**DATA EXTRACT:**
+ + + + + + +

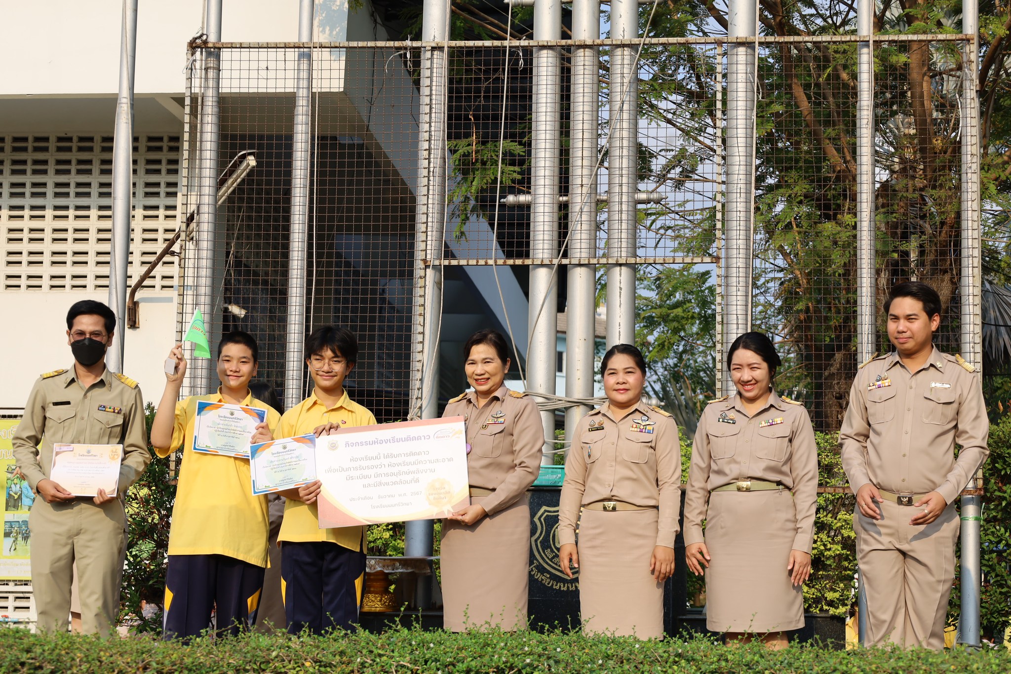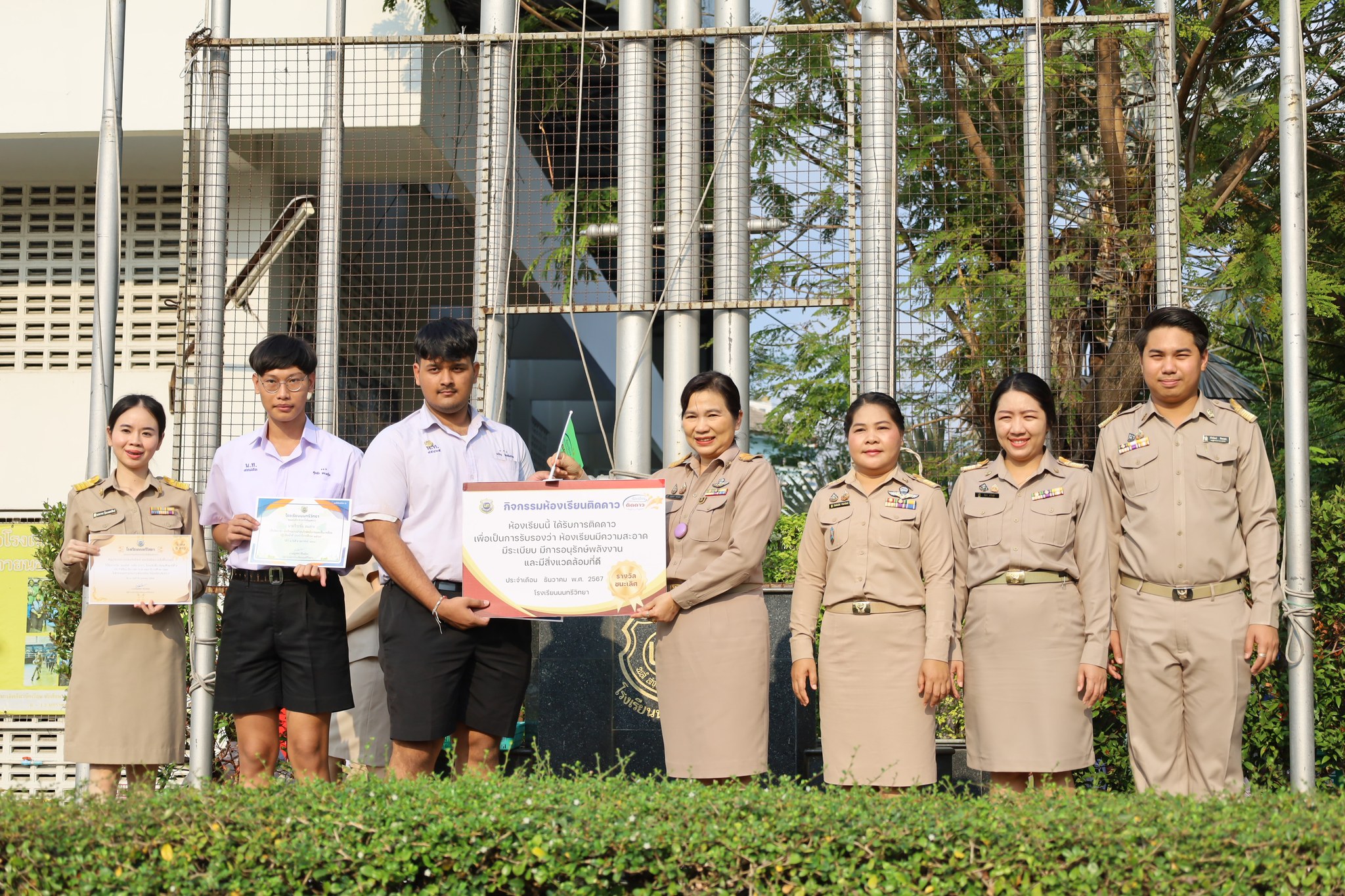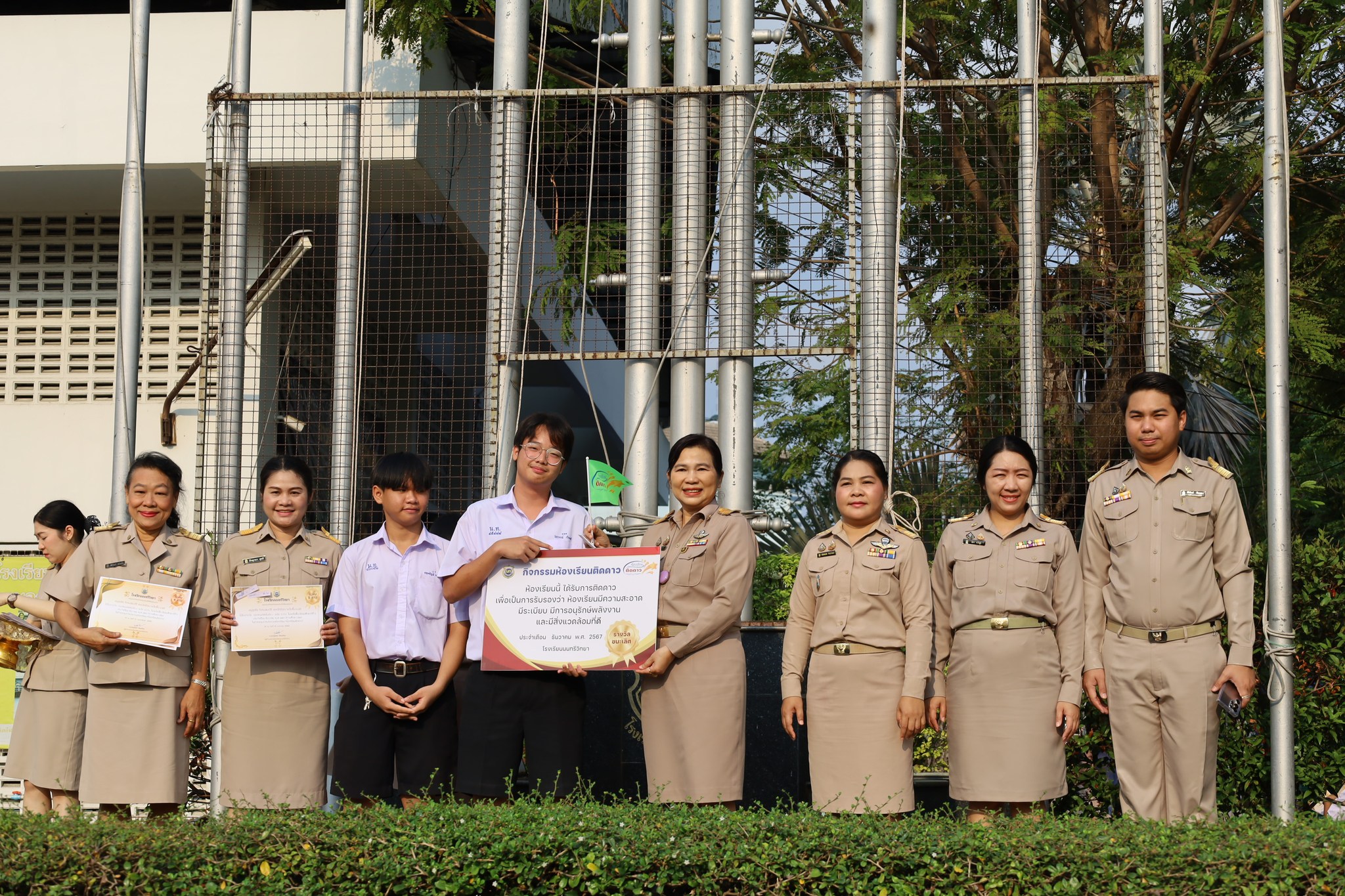 วันจันทร์ที่ 17 กุมภาพันธ์ 2568 นางณัฐพัชร์ ศิริเสถียร ผู้อำนวยการโรงเรียนนนทรีวิทยา ได้มอบหมายให้กลุ่มบริหารทั่วไป นำโดย นายสิริพัฒน์ ทีฆะสุข รองผู้อำนวยการโรงเรียนนนทรีวิทยา จัดพิธีการมอบเกียรติบัตรให้กับห้องเรียนที่ได้รับรางวัลการตรวจประเมินด้านความสะอาด ความเป็นระเบียบ “ห้องเรียนติดดาว” ณ บริเวณหน้าเสาธง โรงเรียนนนทรีวิทยา โดยมี นางณัฐพัชร์ ศิริเสถียร ผู้อำนวยการโรงเรียนนนทรีวิทยา เป็นประธานในการมอบเกียรติบัตรพร้อมด้วยคณะผู้บริหาร ซึ่งงานอนุรักษ์พลังงานและสิ่งแวดล้อม กลุ่มบริหารทั่วไป ได้จัดกิจกรรมประกวดห้องเรียน เพื่อพัฒนาคุณภาพห้องเรียนในด้านความสะอาด ความเป็นระเบียบ และให้นักเรียนรู้จักการอนุรักษ์พลังงานและสิ่งแวดล้อม สร้างสภาพบรรยากาศสิ่งแวดล้อมที่ดีในการเรียน
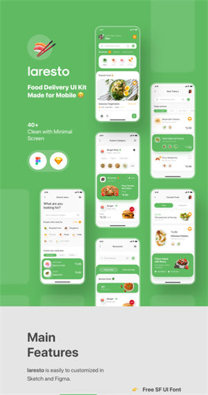 Laresto UI Kit是一个移动应用程序模板,专门用于餐厅点餐过程。
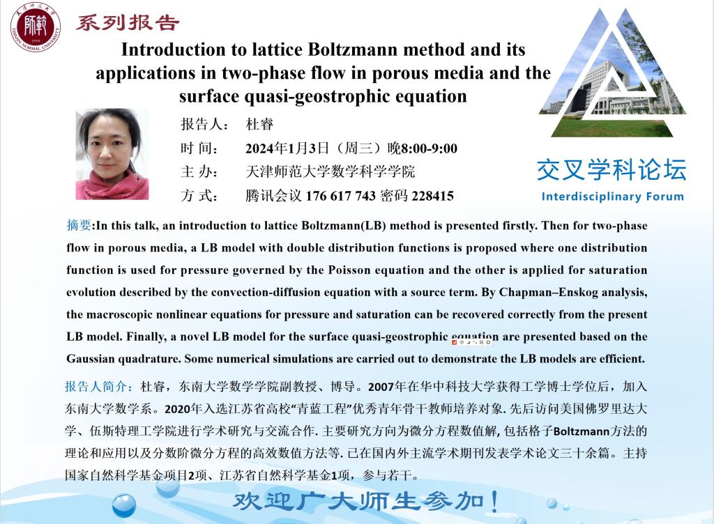 【预告】学术报告(2024-1)1月3日—Introduction to lattice Boltzmann method and its applications in two-phase flow in porous media and the surface quasi-geostrophic equation
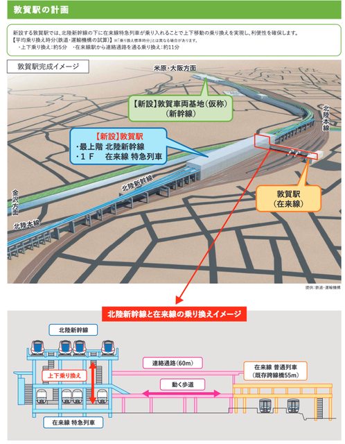 關於停靠與轉乘: * 敦賀站現有的跨線橋會透過60公尺長設電動步道的聯絡道通往新幹線車站 * 新幹線停靠新幹線車站最高層的月台,會是兩個島式月台,11~14號月台 * 特急列車(サンダーバード跟しらさぎ)會停靠新幹線車站1樓 目前預計會是兩個島式月台,一個為下車專用的31/32月台 另外一個是33停往京都大阪的サンダーバード,34停往米原名古屋的しらさぎ JR西日本表示,特急轉新幹線上下移動約需要5分鐘時間 * 其他列車(JR西日本的普通、新快速跟Hapi Line Fukui往福井方向的電車) 會停靠現在的在來線月台,JR 西日本表示轉乘約需要11分鐘 剩下原文轉貼 ※ 引述《TimeEric (艾利克)》之銘言: : JR西日本新聞稿 https://reurl.cc/EoOVG0 : JR西日本宣布 : 北陸新幹線金澤~敦賀段確定於2024年3月16日通車 : 同日JR北陸本線金澤~大聖寺移交給IR石川鐵道 : 大聖寺~敦賀移交給ハピラインふくい鐵道 : JR北陸本線僅剩米原~敦賀 : 班次數量 : 東京~敦賀かがやき、はくたか合計每天14來回 : 用來接續特急雷鳥號、白鷺號的つるぎ每天25來回 附個圖 https://i.imgur.com/g15qpGc.jpg

+ + + + + + +

**YOUR OBJECTIVE:**
The copy must reproduce the listing above verbatim and contain no pictures.

**RESPONSE:**
 วันจันทร์ที่ 17 กุมภาพันธ์ 2568 นางณัฐพัชร์ ศิริเสถียร ผู้อำนวยการโรงเรียนนนทรีวิทยา ได้มอบหมายให้กลุ่มบริหารทั่วไป นำโดย นายสิริพัฒน์ ทีฆะสุข รองผู้อำนวยการโรงเรียนนนทรีวิทยา จัดพิธีการมอบเกียรติบัตรให้กับห้องเรียนที่ได้รับรางวัลการตรวจประเมินด้านความสะอาด ความเป็นระเบียบ “ห้องเรียนติดดาว” ณ บริเวณหน้าเสาธง โรงเรียนนนทรีวิทยา โดยมี นางณัฐพัชร์ ศิริเสถียร ผู้อำนวยการโรงเรียนนนทรีวิทยา เป็นประธานในการมอบเกียรติบัตรพร้อมด้วยคณะผู้บริหาร ซึ่งงานอนุรักษ์พลังงานและสิ่งแวดล้อม กลุ่มบริหารทั่วไป ได้จัดกิจกรรมประกวดห้องเรียน เพื่อพัฒนาคุณภาพห้องเรียนในด้านความสะอาด ความเป็นระเบียบ และให้นักเรียนรู้จักการอนุรักษ์พลังงานและสิ่งแวดล้อม สร้างสภาพบรรยากาศสิ่งแวดล้อมที่ดีในการเรียน
 Laresto UI Kit是一个移动应用程序模板,专门用于餐厅点餐过程。
 【预告】学术报告(2024-1)1月3日—Introduction to lattice Boltzmann method and its applications in two-phase flow in porous media and the surface quasi-geostrophic equation
 關於停靠與轉乘: * 敦賀站現有的跨線橋會透過60公尺長設電動步道的聯絡道通往新幹線車站 * 新幹線停靠新幹線車站最高層的月台,會是兩個島式月台,11~14號月台 * 特急列車(サンダーバード跟しらさぎ)會停靠新幹線車站1樓 目前預計會是兩個島式月台,一個為下車專用的31/32月台 另外一個是33停往京都大阪的サンダーバード,34停往米原名古屋的しらさぎ JR西日本表示,特急轉新幹線上下移動約需要5分鐘時間 * 其他列車(JR西日本的普通、新快速跟Hapi Line Fukui往福井方向的電車) 會停靠現在的在來線月台,JR 西日本表示轉乘約需要11分鐘 剩下原文轉貼 ※ 引述《TimeEric (艾利克)》之銘言: : JR西日本新聞稿 https://reurl.cc/EoOVG0 : JR西日本宣布 : 北陸新幹線金澤~敦賀段確定於2024年3月16日通車 : 同日JR北陸本線金澤~大聖寺移交給IR石川鐵道 : 大聖寺~敦賀移交給ハピラインふくい鐵道 : JR北陸本線僅剩米原~敦賀 : 班次數量 : 東京~敦賀かがやき、はくたか合計每天14來回 : 用來接續特急雷鳥號、白鷺號的つるぎ每天25來回 附個圖 https://i.imgur.com/g15qpGc.jpg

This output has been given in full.